C’est fait, c’est lu, mais pas encore digéré et pourtant un miroir c’est installé sur la droite de mon blog avec un lien.

Je vous parle beaucoup de mon p’tit Zèbre, des p’tits bonheur de ma vie, se raconter à travers les autres pour garder une distance, la bonne, celle qui m’implique qu’indirectement. Et puis grâce a comdhab, j’ai suivi un lien jusqu’à une page, apparence banale d’un blog, celui d’un gay comme les autres. Je n’ai pas prêté plus d’attention que ça, alors je fais comme à l’accoutumé: premier post, premiers mots. « Je ne sais pas si c’est l’approche des fêtes de fin d’année, ou bien mon 6e mois de célibat… » Pourquoi je suis allé plus loin dans ces mots? Je poursuivais un but qui apparaissait se dessiner au fur et à mesure, mystérieux et fascinant.

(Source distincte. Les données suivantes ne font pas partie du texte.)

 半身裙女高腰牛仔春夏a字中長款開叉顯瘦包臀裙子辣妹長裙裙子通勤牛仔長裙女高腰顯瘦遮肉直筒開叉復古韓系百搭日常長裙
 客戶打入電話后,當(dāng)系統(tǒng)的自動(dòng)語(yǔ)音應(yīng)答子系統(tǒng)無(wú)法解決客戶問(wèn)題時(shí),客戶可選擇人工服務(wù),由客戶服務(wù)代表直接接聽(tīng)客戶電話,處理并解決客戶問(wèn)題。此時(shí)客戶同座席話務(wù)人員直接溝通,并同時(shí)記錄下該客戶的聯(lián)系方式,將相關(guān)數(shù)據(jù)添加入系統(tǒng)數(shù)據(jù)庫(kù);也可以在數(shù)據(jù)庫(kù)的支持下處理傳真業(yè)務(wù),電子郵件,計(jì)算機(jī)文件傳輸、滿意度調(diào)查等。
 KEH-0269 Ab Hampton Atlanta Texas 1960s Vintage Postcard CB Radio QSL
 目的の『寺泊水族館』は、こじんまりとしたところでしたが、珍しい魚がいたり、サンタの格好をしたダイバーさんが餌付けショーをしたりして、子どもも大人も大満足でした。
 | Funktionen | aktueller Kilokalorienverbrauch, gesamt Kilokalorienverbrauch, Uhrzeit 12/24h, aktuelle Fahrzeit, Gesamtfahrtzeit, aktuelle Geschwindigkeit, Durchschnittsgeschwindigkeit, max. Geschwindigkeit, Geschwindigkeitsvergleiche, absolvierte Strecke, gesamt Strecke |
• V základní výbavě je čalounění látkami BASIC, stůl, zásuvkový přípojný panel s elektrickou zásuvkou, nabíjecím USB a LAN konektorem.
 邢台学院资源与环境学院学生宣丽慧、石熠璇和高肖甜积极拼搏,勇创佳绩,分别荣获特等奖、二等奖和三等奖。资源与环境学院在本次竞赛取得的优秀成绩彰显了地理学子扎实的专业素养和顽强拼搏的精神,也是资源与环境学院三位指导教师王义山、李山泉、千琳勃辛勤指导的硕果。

Chaque jour nouveau me rapprochait de mon passé si fragile, celui que je vous cache, celui que je vous tais. Je suis rentré dans son blog comme dans ma maison: tout était pareil, la tapisserie, les meubles, l’agencement, les fenêtres, le parquet, et même mes chaussons. Des détails, des couleurs, des atmosphères légèrement différentes persistent malgré cette étrange sensation: être à la maison avec les affaires des autres, ou vivre dans une suite d’un hôtel avec ces propres affaires?